Try   HackMD

2022-04-04 cantfindagoodname

contributed by < cantfindagoodname >

quiz8

題目

測驗 1

void *memchr_opt(const void *src_void, int c, size_t length)
{
    const unsigned char *src = (const unsigned char *) src_void;
    unsigned char d = c;

    while (UNALIGNED(src)) {
        if (!length--)
            return NULL;
        if (*src == d)
            return (void *) src;
        src++;
    }

    if (!TOO_SMALL(length)) {
        /* If we get this far, we know that length is large and
         * src is word-aligned.
         */

        /* The fast code reads the source one word at a time and only performs
         * the bytewise search on word-sized segments if they contain the search
         * character, which is detected by XORing the word-sized segment with a
         * word-sized block of the search character and then detecting for the
         * presence of NULL in the result.
         */
        unsigned long *asrc = (unsigned long *) src;
        unsigned long mask = d << 8 | d;
        mask = mask << 16 | mask;
        for (unsigned int i = 32; i < LBLOCKSIZE * 8; i <<= 1)
            mask = (mask << i) | mask;

        while (length >= LBLOCKSIZE) {
            /* XXXXX: Your implementation should appear here */
            if (DETECT_CHAR(*asrc, mask))
                break;
            ++asrc;
            length -= LBLOCKSIZE;
        }

        /* If there are fewer than LBLOCKSIZE characters left, then we resort to
         * the bytewise loop.
         */
        src = (unsigned char *) asrc;
    }

    while (length--) {
        if (*src == d)
            return (void *) src;
        src++;
    }

    return NULL;
}    

The program use DETECT_CHAR to check if the designated character is in the word of current loop, if so it then break to check which byte of the word contains the charcter. The loop would iterate by scanning the data word by word.

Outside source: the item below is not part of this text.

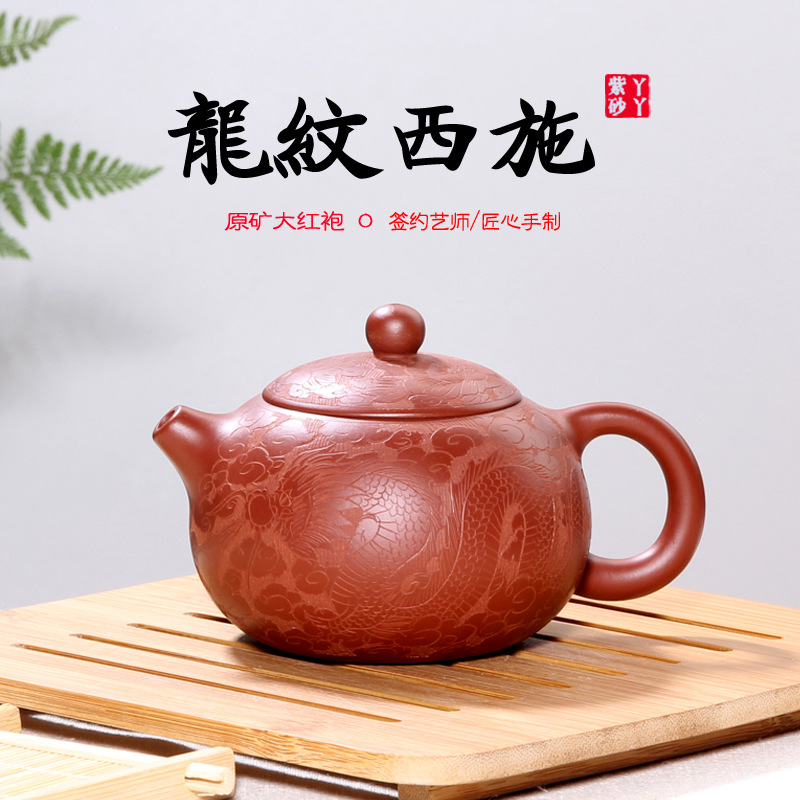 宜興紫砂壺卸売り龍紋西施ティーポット小品大紅袍手作り彫刻工夫茶道具プレゼント

while (length >= LBLOCKSIZE) {
	/* Check if target is in current word */
	/* If target = a, mask would be aaaa, up to length of a word */
	if (DETECT_CHAR(*asrc, mask))
		break;
	/* Move pointer to scan through data */
	++asrc;
	/* Track how many data is left */
	length -= LBLOCKSIZE;
}

In quiz3 測驗9延伸問題, Instead of finding a example of application for ALIGN, I take a problem I've encountered when doing fibdrv. Which I try to optimize numerical arithmetic on character array.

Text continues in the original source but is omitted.